Relative to respondents with primary education or less, those with secondary and tertiary education exhibit substantially higher odds of digital payment use. Higher income quintiles and labour-force participation are also positively associated with digital payment use, while women show slightly lower odds than men, conditional on the included covariates.


4 General and Predicted Probability Visialisation

4.1 Plot 1: Weighted digital payment use by education

edu_plot_data <- svyby(formula =  ~digital_payment, 
                       by = ~educ_cat, 
                       design = design, 
                       svymean, 
                       na.rm = TRUE) %>%
  as_tibble()

edu_plot_data %>%
  ggplot(aes(x = educ_cat, y = digital_payment)) +
  geom_col() +
  scale_y_continuous(labels = percent_format()) +
  labs (title = "Weighted Digital Payment Use by Education Level",
        x = NULL,
        y = "share using digital payments") +
  theme_classic()

4.1.1 Saving the figure

ggsave(here("output", "figures", "digital_payment_by_education.png"))  

4.2 Plot 2: Weighted digital payment use by income quintile

income_plot_data <- svyby(formula = ~digital_payment, 
                          by = ~income_quintile, 
                          design = design, 
                          svymean, 
                          na.rm = TRUE) %>%
  as_tibble()

income_plot_data %>%
  ggplot(aes(x = income_quintile, y = digital_payment)) +
  geom_col() +
  scale_y_continuous(labels = percent_format()) +
  labs (title = "Weighted Digital Payment Use by Income Quintile",
        x = "Income groups (in quintile)",
        y = "share using digital payments")+
  theme_classic()

4.2.1 Saving the figure

ggsave(here("output", "figures", "digital_payment_by_income_quintile.png"))

4.3 Plot 3: Predicted probabities by certain variables

To complement the odds-ratio table, predicted probabilities are calculated from the fitted model while holding other covariates constant. This helps translate regression coefficients into more intuitive quantities.

The question we’re trying to answer is: **“given the model, what is the predicted chance of using digital payments for different groups, while holding other variables fixed?”_** The primari model (m1) will be used in this analysis.

Finally, the basic workflow that will be use to generate the predicted probabilities is the following: - we will first fit the model, - then create new dataset, - then use ‘predict()’ function to plot the predicted probabilities, - after that, we attach the fitted probabilities, - and plot with ‘ggplot()’ function.

4.3.1 Plot 3a. predicted probabilities of digital payments by education level

comparing three education levels, for male respondents, at average age, in the middle income quintile, in the workforce, and living in an urban area.

# 1) pred_educ - create the dataset
pred_educ <- tibble(female_bin = 0,
                    age = mean(findex_analysis$age, na.rm = TRUE),
                    educ_cat = factor(c("Primary or less", "Secondary", "Tertiary+"),
                                      levels = levels(findex_analysis$educ_cat)),
                    income_quintile = factor("Q3", levels = levels(findex_analysis$income_quintile)),
                    in_workforce = 1,
                    urban = 1)

# 2) pred_prob - generate the predicted probabilities using predic() function
pred_prob <- predict(m1,
                     newdata = pred_educ,
                     type = "response")

# 3) plot the predicted probabilities
pred_educ %>%
  ggplot(aes(x = educ_cat, y = pred_prob)) +
  geom_col() +
  scale_y_continuous(labels = percent_format(accuracy = 1)) +
  labs(title = "Predicted Probability of Digital Payment Use by Education Level",
       subtitle = "Predictions from survey-weighted logistic regression, holding other covariates constant",
       x = NULL,
       y = "predicted probability") +
  theme_classic()

Takeaway: The figure above shows model-predicted probabilities of digital payment use by education level, holding age, income quintile, workforce status, sex, and urban residence constant.
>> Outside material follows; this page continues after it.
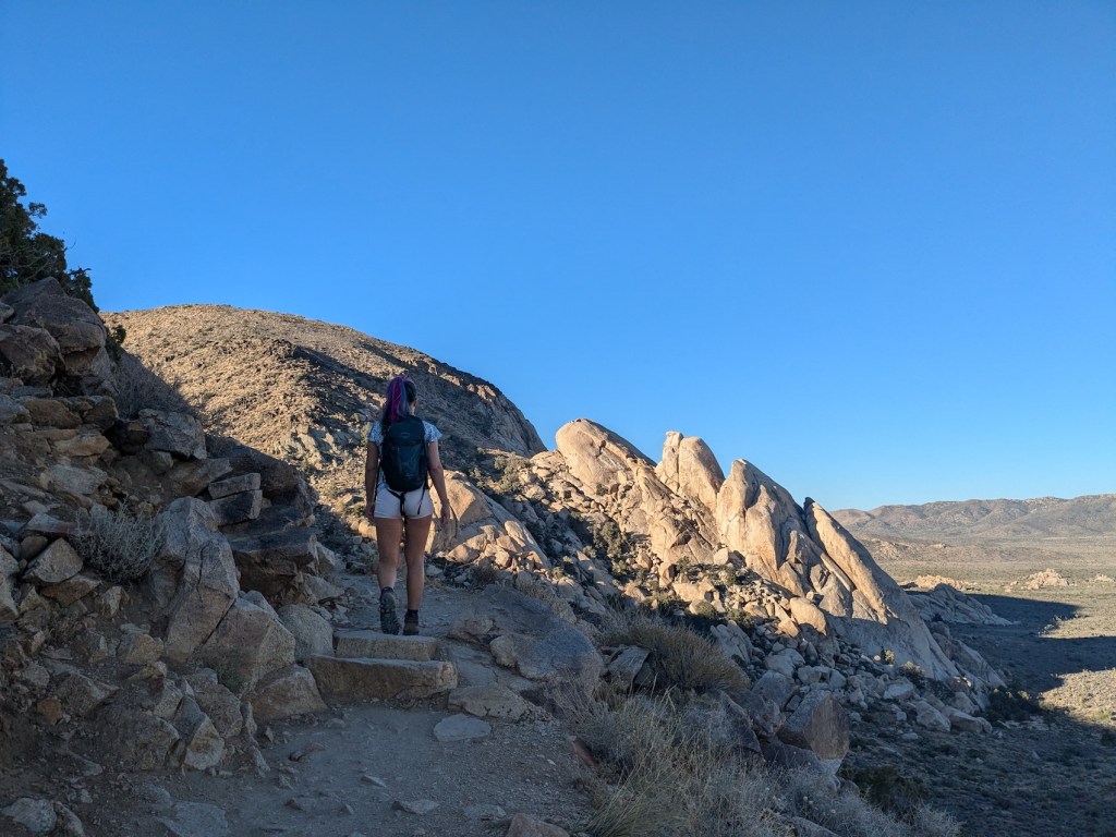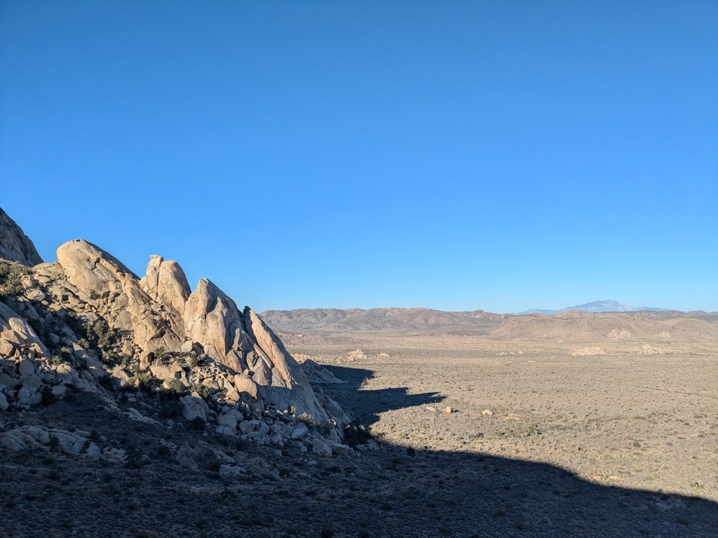 I never knew there were proper peaks within Joshua Tree national park, but James cleverly found us this one. Because it was June, it clearly needed to be an early start, so we got up around first light and were at the trailhead for an 06:50 start. There’s plenty of shade on the west-facing side of the peak, and then the trail cuts through a saddle round to the east before the last stretch up to the summit.

The predicted probability rises sharply with education, indicating that educational attainment is strongly associated with digital financial inclusion.

4.3.1.1 Saving the figure

ggsave(here("output", "figures", "prediction_probabilities_by_education.png"))

4.3.2 Plot 3b: Predicted probabilities of digital payments by income level

comparing five income quintiles, for male respondents, at average age, with secondary education level, in the workforce, and living in an urban area.

# 1) create the dataset
pred_income <- tibble(female_bin = 0, 
                      age = mean(findex_analysis$age, na.rm = TRUE),
                      educ_cat = factor("Secondary", levels = levels(findex_analysis$educ_cat)),
                      income_quintile = factor(c("Q1 poorest", "Q2", "Q3", "Q4", "Q5 richest"),
                                          levels = levels(findex_analysis$income_quintile)),
                      in_workforce = 1,
                      urban = 1)

# 2) generate the predicted probabilities
pred_income$pred_prob <- predict(m1,
                                 newdata = pred_income,
                                 type = "response")
# 3) plot the predicted probabilities
pred_income %>%
  ggplot(aes(x = income_quintile, y = pred_prob)) +
  geom_col() +
  scale_y_continuous(labels = percent_format(accuracy = 1)) +
  labs(title = "Predicted Probability of Digital Payment Use by Income Quintile",
       subtitle = "Predictions from survey-weighted logistic regression, holding other covariates constant",
       x = NULL,
       y = "predicted probability") +
  theme_classic()

Takeaway: The figure above shows model-predicted probabilities of digital payment use by income level, holding age, education level, workforce status, sex, and urban residence constant. The predicted probability rises with income, indicating that income is associated with digital financial inclusion.

4.3.2.1 Saving the figure

ggsave(here("output", "figures", "prediction_probabilities_by_education.png"))

We can do the same analysis & plotting for internet use and mobile phone ownership by adjusting the codes above. For the purpose of having a streamlined documentation, we will only limit the analysis for education level and income quintile.


5 Key findings and interpretation

This analysis finds clear socioeconomic gradients in digital payment use. Education is one of the strongest correlates, as respondents with higher educational attainment are much more likely to use digital payments. Income gradients are also substantial, both descriptively and in model-based predicted probabilities. In addition, the workforce participation and urban residence are positively associated with digital payment adoption, while women exhibit slightly lower odds than men after controlling for observed characteristics.

Overall, the results suggest that digital financial inclusion remains closely linked to educational attainment, labour-market attachment, and economic resources.


6 Limitations

This analysis is descriptive and associational rather than causal. The Global Findex is a cross-sectional survey, so the results should not be interpreted as causal effects of education or income on digital payment use.

In addition, the survey mode differs across contexts, with face-to-face interviews in many low- and middle-income economies and phone surveys in many high-income economies.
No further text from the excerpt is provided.